> _Work task_: Reproduce precisely the lines of the material below from the line containing "玄関の養生もめくってみました。ガラス越しに入る光で一気に明るくなりました。" up to and including its last line. Pictures must not be copied.
======== Records shown ========
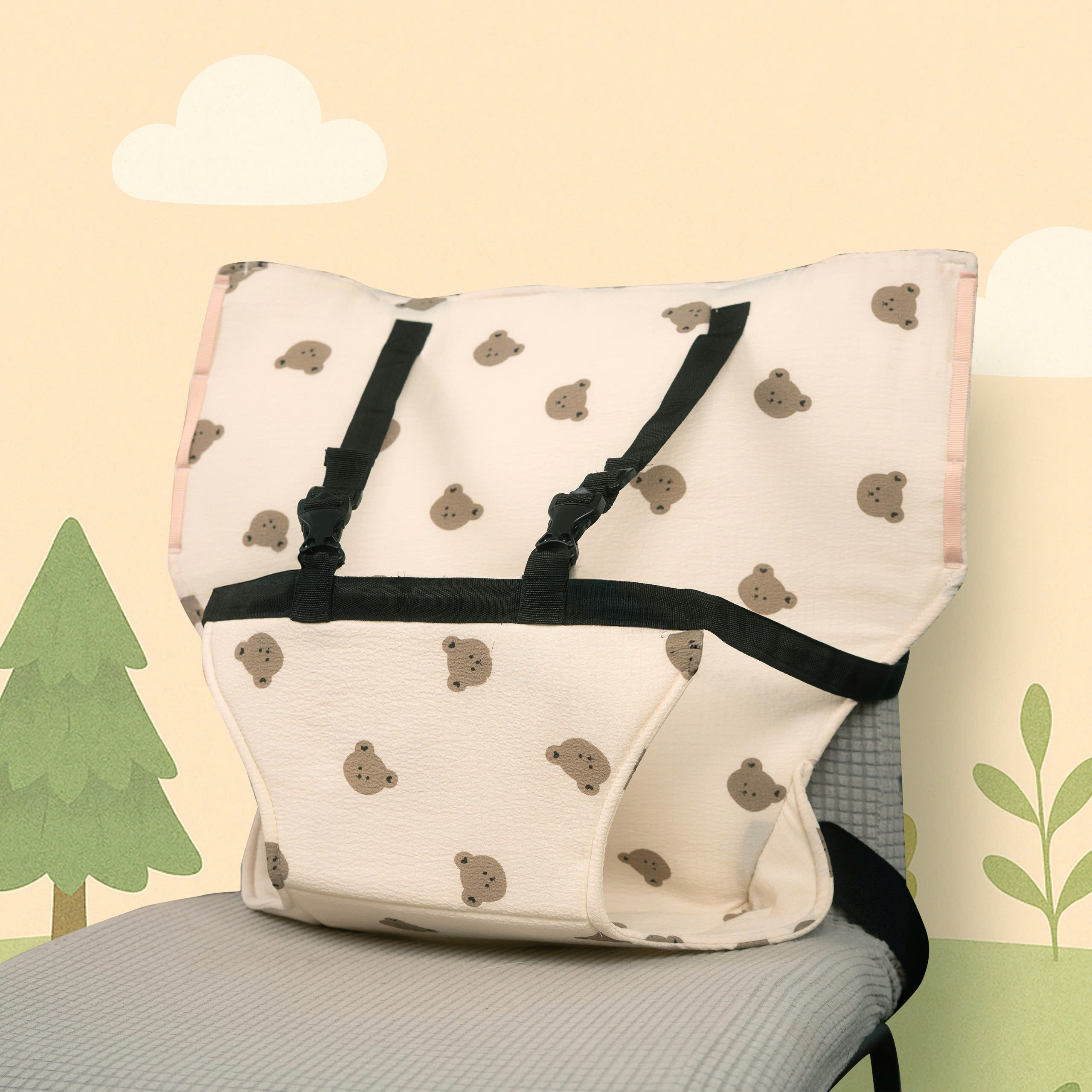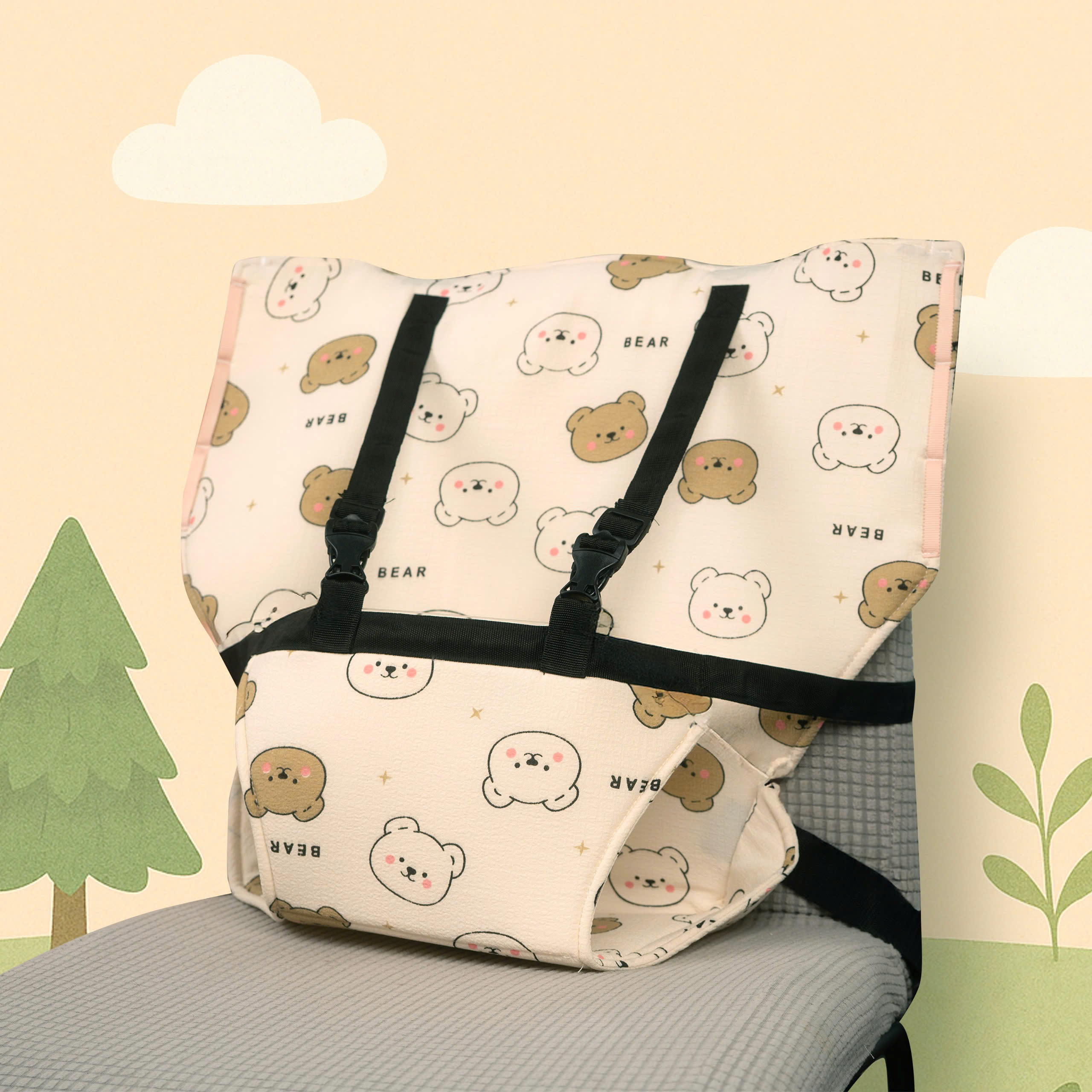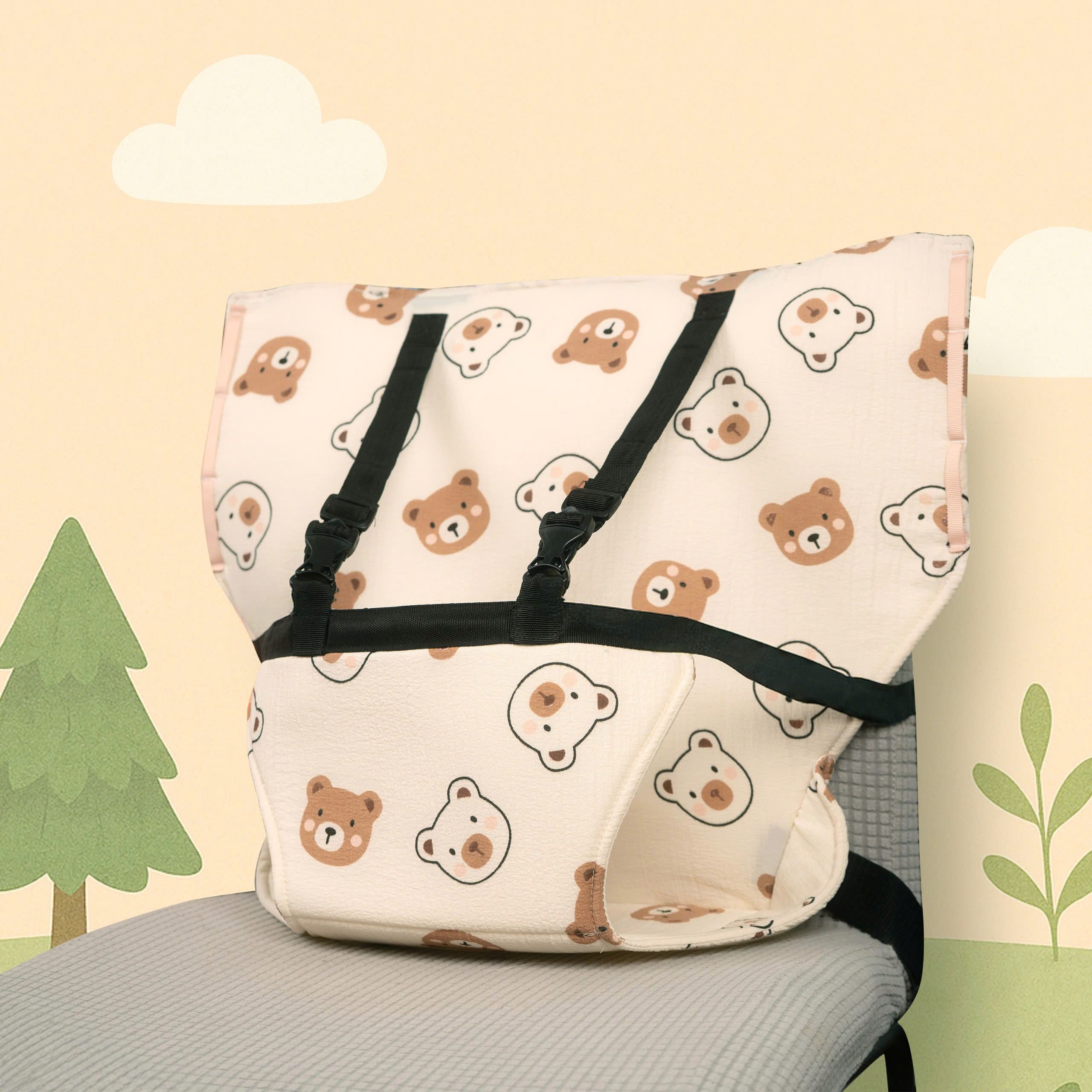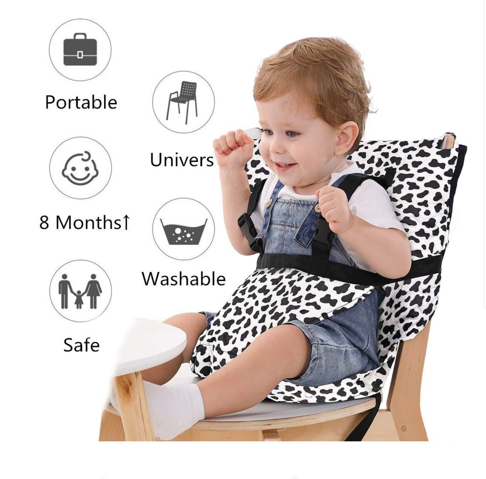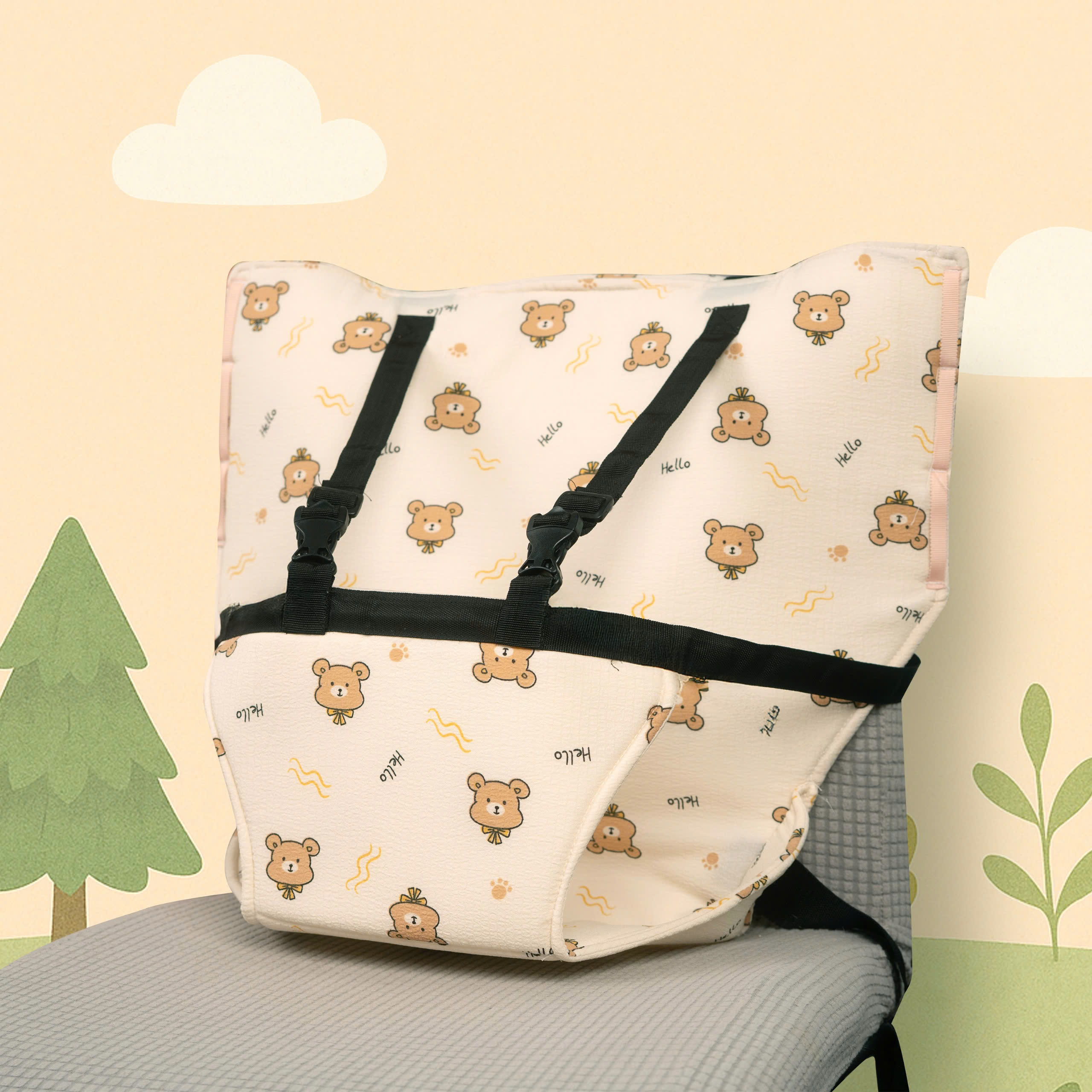* Bé có thể ngồi trên ghế người lớn, phù hợp với các loại ghế phổ thông trong gia đình.
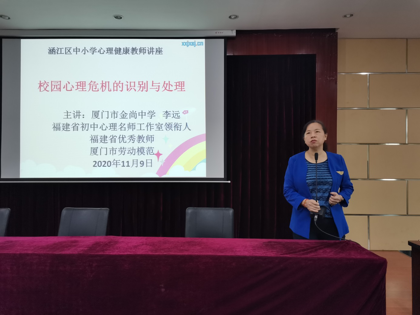 开班仪式后,由厦门市金尚中学心理中心主任李远老师开展《校园危机识别与处理》的专题讲座。
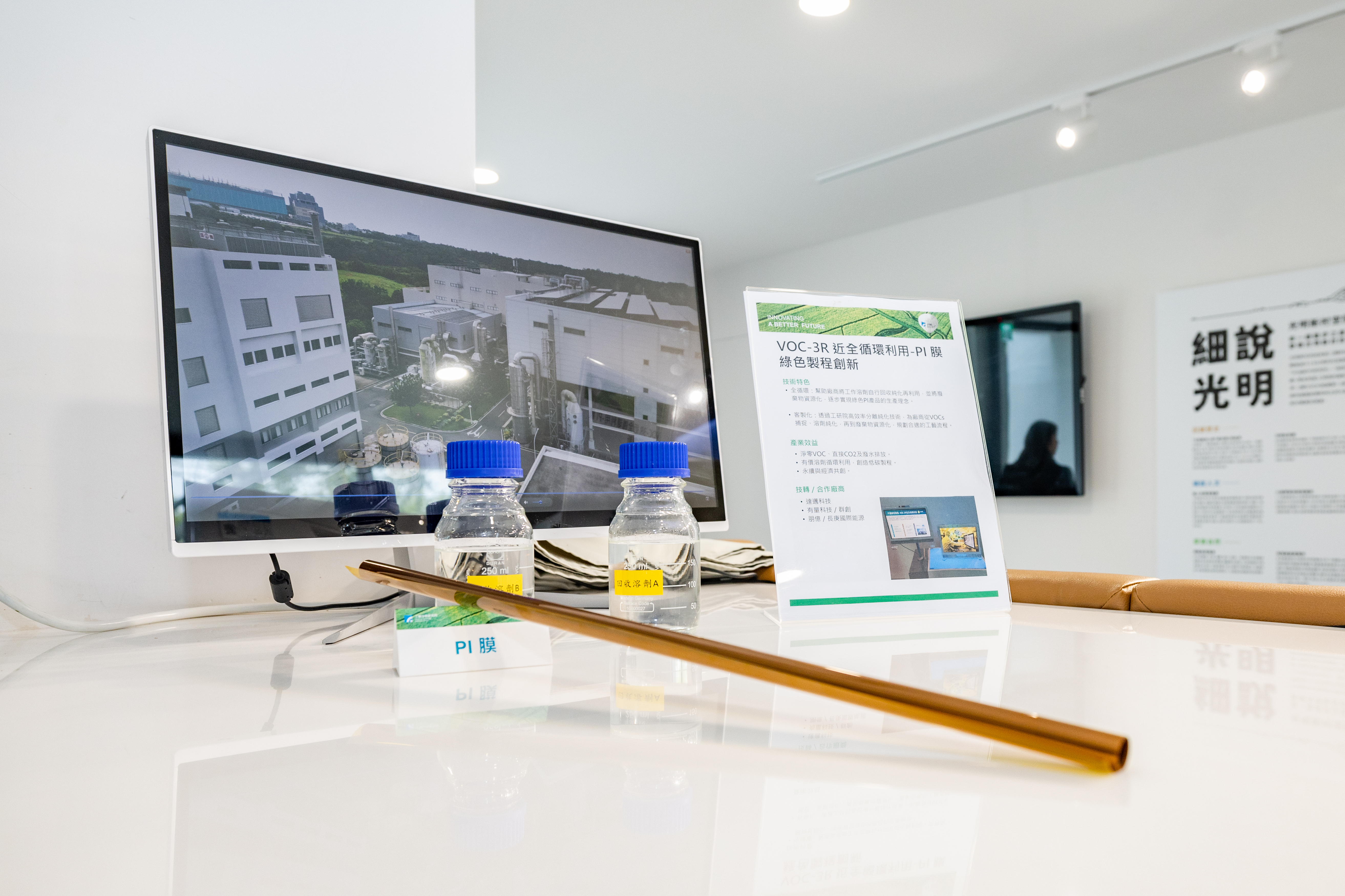 於「2035技術策略與藍圖」記者會發表的「VOC-3R近全循環利用-PI膜綠色製程創新」。
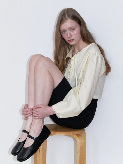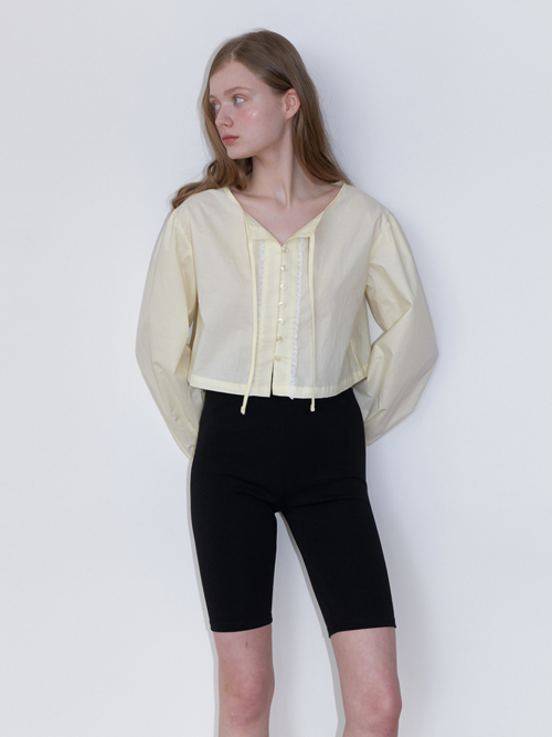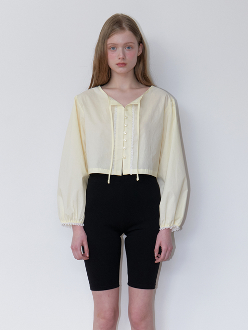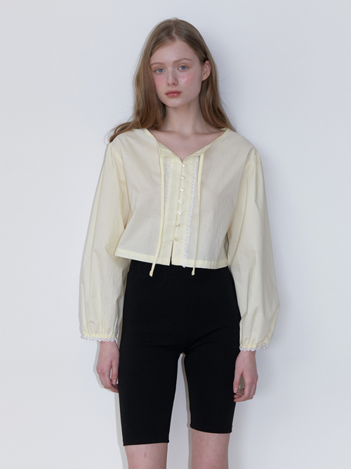 basic lace string blouse - lemon yellow
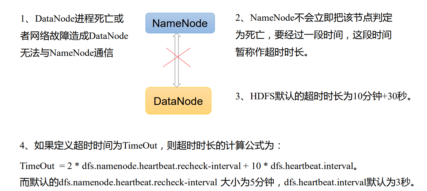 (3)心跳是每 3 秒一次,心跳返回结果带有 NameNode 给该 DataNode 的命令如复制块 数据到另一台机器,或删除某个数据块。如果超过 10 分钟没有收到某个 DataNode 的心跳, 则认为该节点不可用。
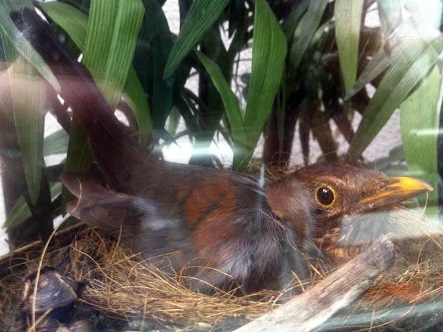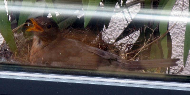 A Blackbird started building a nest on the window ledge right next to a busy office stairwell in Camden Town. I first noticed around Wednesday 8th May 2013. From just a small pile of debris the nest expanded into an exsquisitely fully formed creation over half a week.
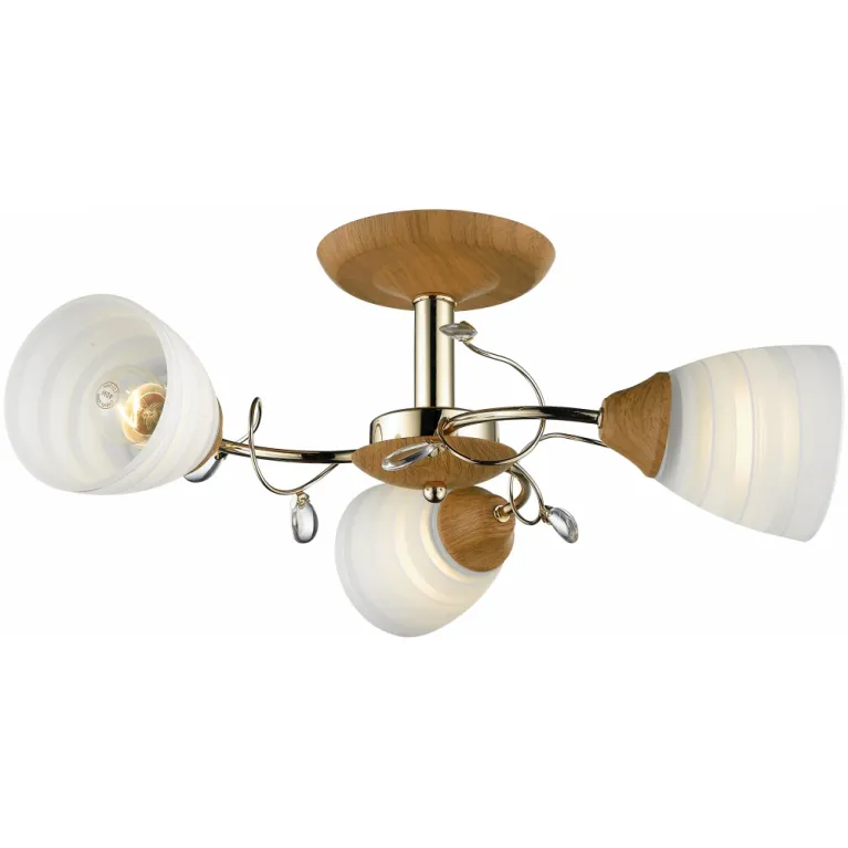 Преобладающий цвет плафонов: Белый, арматуры: Коричневый; материал изготовления арматуры: Металл, размеры, мм: / высота 190 / диаметр 260. Общая мощность – 180 Ватт, а максимальная площадь освещения до 9 м2. Основной тип ламп, предусмотренный производителем: Накаливания с цоколем E27. В зависимости от предпочтений можно использовать лампы теплового, холодного или нейтрального света, за исключением люстр с типом цоколя LED.
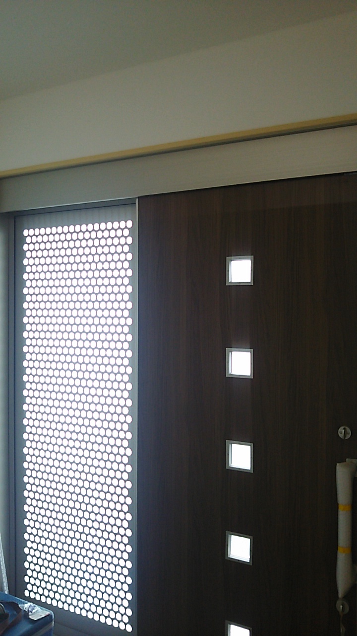 玄関の養生もめくってみました。ガラス越しに入る光で一気に明るくなりました。
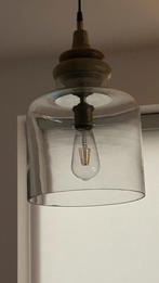 Dia 25cm hoogte 25cm helder glas afgewerkt met hout .
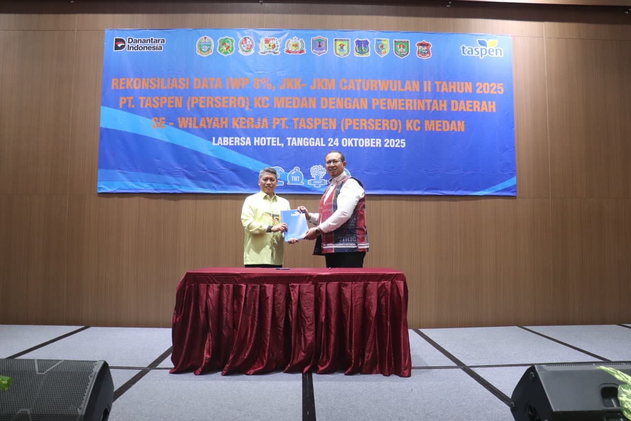 Penyerahan penghargaan dilaksanakan saat Rekonsiliasi Data IWP 8%, JKK-JKM Caturwulan II Tahun 2025 di Hotel Labersa, Balige, Jumat (24/10/2025).
========
> _Answer to this problem_:
 玄関の養生もめくってみました。ガラス越しに入る光で一気に明るくなりました。
 Dia 25cm hoogte 25cm helder glas afgewerkt met hout .
 Penyerahan penghargaan dilaksanakan saat Rekonsiliasi Data IWP 8%, JKK-JKM Caturwulan II Tahun 2025 di Hotel Labersa, Balige, Jumat (24/10/2025).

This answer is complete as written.